# Predicting Program Languages

For this project our group will be scraping, and using api requests to acquire repository data from Github and attempt to create an NLP model to predict the primary programming language of the repo based off the contents of the readme file.

## Goals:

* Scrape repo names from Github, and use api requests to create a database of repos
* Explore data to see what words are most common in each respective language's readmes
* Build a classification model that predicts program languages used in each repo on Github

---

## Imports

In [41]:
# Import function modules
import prepare as p
import acquire as a


# Import data science libraries & visualization libraries
import pandas as pd
import numpy as np
import matplotlib.pyplot as plt
import seaborn as sns

# Import nlp libraries and classification models
import nltk
from nltk.tokenize.toktok import ToktokTokenizer
from nltk.corpus import stopwords
from wordcloud import WordCloud
from sklearn.feature_extraction.text import TfidfVectorizer
from sklearn.model_selection import train_test_split
from sklearn.linear_model import LogisticRegression
from sklearn.ensemble import RandomForestClassifier
from sklearn.tree import DecisionTreeClassifier, plot_tree
from sklearn.neighbors import KNeighborsClassifier
from sklearn.metrics import classification_report
from sklearn.preprocessing import LabelEncoder
from xgboost import XGBClassifier

---

## Dictionary

| Column         | Column_type | Data_type| Description              |
|----------------|-------------|----------|--------------------------|
|repo            |Feature      |string    |Name of the repositiory.  |
|language        |Target       |string    |Programming language used.|
|readme_contents |Feature      |string    |Contents for every readme.|

---

## Acquire

For data acquisition, the names of 100 pages worth of 'sports' repositories (1000 repos) were scraped using html requests. Then using api requests information such as language, name, and readme contents, was pulled from the repositories. This process was slow due to request limits so the data was cached into a csv once done.

In [2]:
pd.read_csv('all_repos.csv').head(3)  # Read data stored in .csv file

Unnamed: 0,repo,language,readme_contents
0,ScottfreeLLC/AlphaPy,Python,AlphaPy\n=======\n\n|badge_pypi| |badge_downlo...
1,jalapic/engsoccerdata,R,"Latest GitHub version: 11/4/2022, v0.1.7\n\nN..."
2,bttmly/nba,JavaScript,# nba\n*Node.js client for nba.com API endpoin...


---

## Wrangle

For data cleaning, any language that wasn't in the top 4 was grouped into 'other'. The extra number of languages severy impacted model performance, so grouping them was helpful. The data was also cleaned, stemmed, and lemmatized.

In [3]:
repo = a.acquire_repos()  # Pull and clean data stored in .csv file
repo.head(3)

Unnamed: 0,repo,language,readme_contents,clean,stemmed,lemmatized
0,ScottfreeLLC/AlphaPy,Python,AlphaPy\n=======\n\n|badge_pypi| |badge_downlo...,alphapy badgepypi badgedownloads badgedocs bad...,alphapi badgepypi badgedownload badgedoc badge...,alphapy badgepypi badgedownloads badgedocs bad...
1,jalapic/engsoccerdata,R,"Latest GitHub version: 11/4/2022, v0.1.7\n\nN...",latest github version 1142022 v017 nov 2022 up...,latest github version 1142022 v017 nov 2022 up...,latest github version 1142022 v017 nov 2022 up...
2,bttmly/nba,JavaScript,# nba\n*Node.js client for nba.com API endpoin...,nba nodejs client nbacom api endpoints npm ins...,nba nodej client nbacom api endpoint npm insta...,nba nodejs client nbacom api endpoint npm inst...
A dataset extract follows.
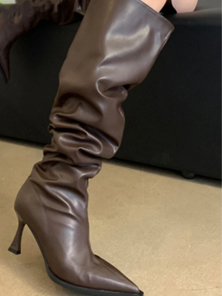Ashore Shop : Women's Long Runched Boots Ladies Pumps Shoes Fashion Design Pleated Slip-On Shoes Autumn Pointed Toe Female Knee High Boots 2023

During the wrangling process, around 200 rows were dropped due to incorrect language (jupyter notebook), and missing data. 

---

## Exploration

Before beggining exploration the data is split into train, val, test so that only the train data is explored on.

In [4]:
train, val, test = p.train_val_test(repo, 'language', stratify=True)  # Splits data and stratifies by target variable

(557, 6) (120, 6) (120, 6)


Then, a dataframe of the total number of time each word appeared in each language is created.

In [5]:
# Use function to create a dataframe with the word counts of each word
repo = p.word_counts(train, 'language', 'clean')
repo.head(3)

Unnamed: 0,all,Other,R,Python,JavaScript,TypeScript
data,1105,276,144,461,109,115
barry,808,0,0,758,50,0
1,743,277,71,241,133,21


We will also calculate in how many documents each word appeared in.

In [6]:
total_appearances = p.word_appearances(repo, train)  # Calculate the number of separate readmes that a word appeared in
word_counts['total_appearances'] = total_appearances

### What are the most common words in READMEs?
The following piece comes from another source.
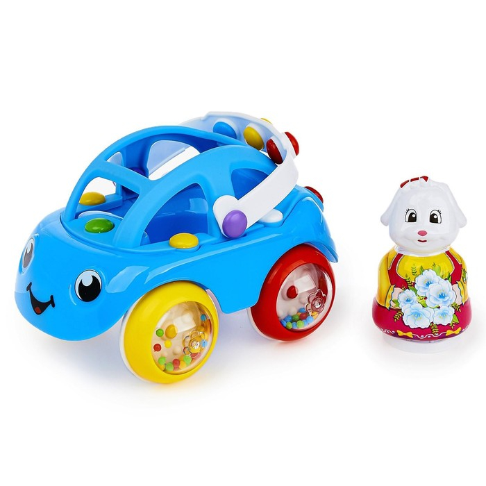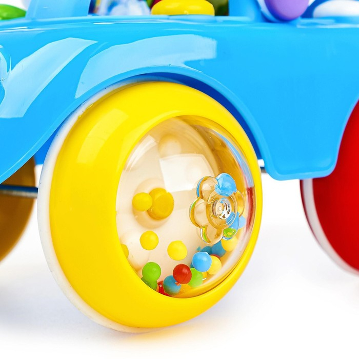 В кабине машинки «Пышка» находится забавный пассажир-зверюшка. Ребёнок сможет легко достать его и играть с ним, что добавит интереса и веселья. Колёса машинки наполнены маленькими разноцветными шариками, которые пересыпаются и привлекают малыша приятным звучанием.

### Does the length of the README vary by programming language?

### Do different programming languages use a different number of unique words?
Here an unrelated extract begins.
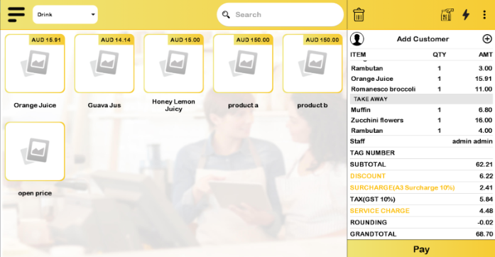 - Enable and disable the button for a surcharge as the user can decide whether they want to have a surcharge fee for their business or not.

### Are there any words that uniquely identify a programming language?

### EDA Summary

---

## Modeling

Now we will create some models to try to predict the primary language of a repo based off the readme contents

In [27]:
# Create dataframe again
repo = pd.read_csv('all_repos.csv')
repo.language = p.top_languages(repo, 4)

### Baseline

The first mode created is the baseline.

In [16]:
# Calculate baseline from the mode of the languages
baseline = pd.DataFrame(train.language)
baseline['baseline'] = baseline.language.value_counts().index[0]
print(f'Baseline accuracy: {round((baseline.language == baseline.baseline).sum()/(len(baseline)),2)}')

Baseline accuracy: 0.43


Baseline model only guesses 'other' since it is the most common 'language'. The baseline accuracy is only 43%!

### Pre-Processing

Using the word counts per language, a filter is created to eliminate words that appear very few times.

In [56]:
repo2 = p.cleanse(repo, 'readme_contents')
all_words = p.word_counts(repo2, 'language', 'clean')  # Use word counts to create filter
word_filter = list(all_words[all_words['all'] < 35].index)  # Create list to remove all words that appear less than 35 times total

In [52]:
repo = p.cleanse(repo, 'readme_contents', extra_words=word_filter)  # Clean data
train, val, test = p.train_val_test(repo, 'language', stratify=True, print_shape=False)
X_train_tfidf, y_train, X_val_tfidf, y_val, X_test_tfidf, y_test = p.preprocess(train, val, test)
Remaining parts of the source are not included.